In our retrospective cohort of 53 patients, a total of 99 chest CT examinations had been performed as of February 9. The mean number of CT examinations per patient is 1.9 (99/53). Viral pneumonia was diagnosed in 51 of the 53 (96.2%) patients; these 51 patients include 49 patients with confirmed SARS-CoV-2 infection and two patients with confirmed adenovirus infection. The misdiagnosis rate of viral infection was 3.8% (2/53). CT findings were positive for viral infection before laboratory results were positive for viral infection in 37 of 53 (69.8%) patients (Fig. 1). The mean lead time in diagnosis of viral infection yielded by CT compared with laboratory results was 3.0 days.
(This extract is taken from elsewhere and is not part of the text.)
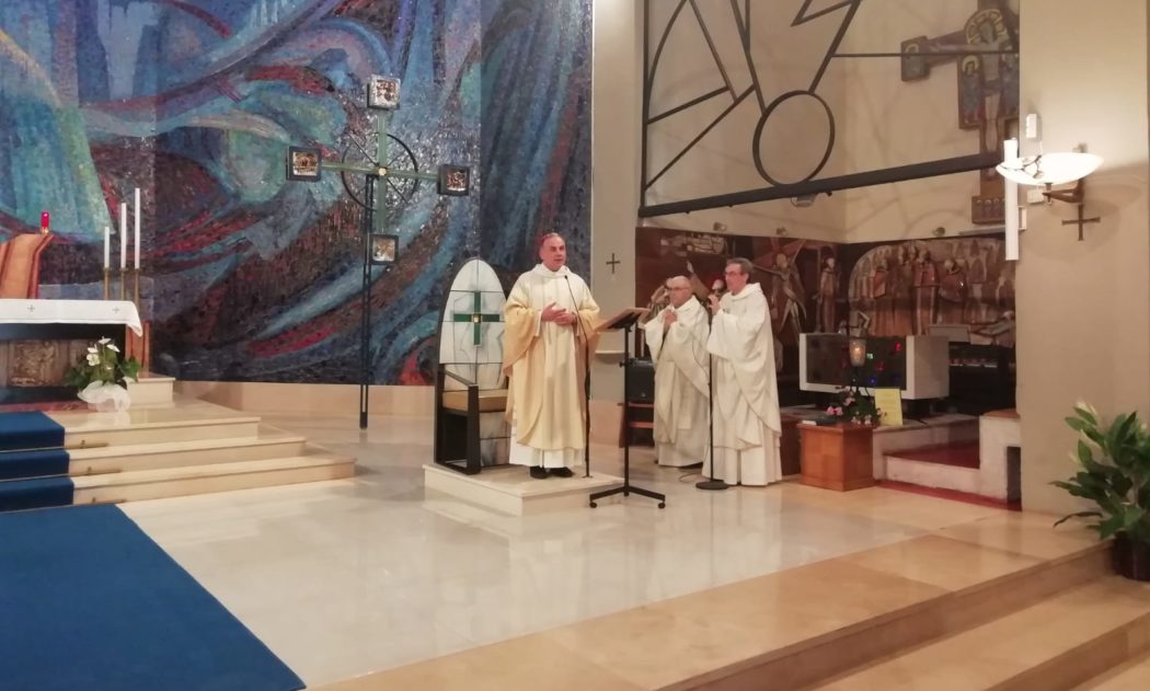 Nella parrocchia di Sant’Anastasia nel paese dell’alto Cicolano, dove è stato accolto da don Nazzareno Nicolai e dalla comunità cristiana dei fedeli del posto e dai tanti oriundi tornati per le ferie al luogo natio, e al templum pacis terminillese, dove ha presieduto l’Eucaristia introdotta dal saluto del parroco padre Mariano Pappalardo e concelebrata dal vice parroco don Luca Scolari e dal padre conventuale liscianese Luigi Faraglia (ora membro della comunità francescana interobbedenziale di Rieti e per tanti anni parroco al Terminillo), don Domenico è voluto partire, nell’omelia, dalle parole di san Paolo sulla morte come “ultimo nemico” che sarà annientato dal Cristo vittorioso, annientamento di cui l’assunzione in cielo della Vergine in anima e corpo è segno anticipatore.

In the next sections, we discuss the CT features of 51 patients with confirmed SARSCoV-2 infection and of two patients with confirmed adenovirus infection.

In our study, viral pneumonia was diagnosed on the basis of CT findings in 49 of 51 (96.1%) patients with COVID-19; the remaining two patients with COVID-19 were bedridden inpatients with underlying diseases. The clinician prescribed isolation and supportive treatment in time for recovery in these 49 patients. Of the 53 patients in our study group, positive CT findings diagnostic of viral pneumonia were available before a positive laboratory test result in 37 (69.8%) patients. The diagnosis of viral pneumonia based on CT was available 3.0 days earlier than that based on nucleic acid test results. Although when in terms of disease progression a clinician chooses to order nucleic acid testing may affect the accuracy of the test results, we are confident that CT has a high accuracy and may be useful as a standard method for the diagnosis of COVID-19. The use of CT for the diagnosis of viral pneumonia allows patients with suspected SARS-CoV-2 infection to be isolated and treated in time for recovery, thus optimizing patient management.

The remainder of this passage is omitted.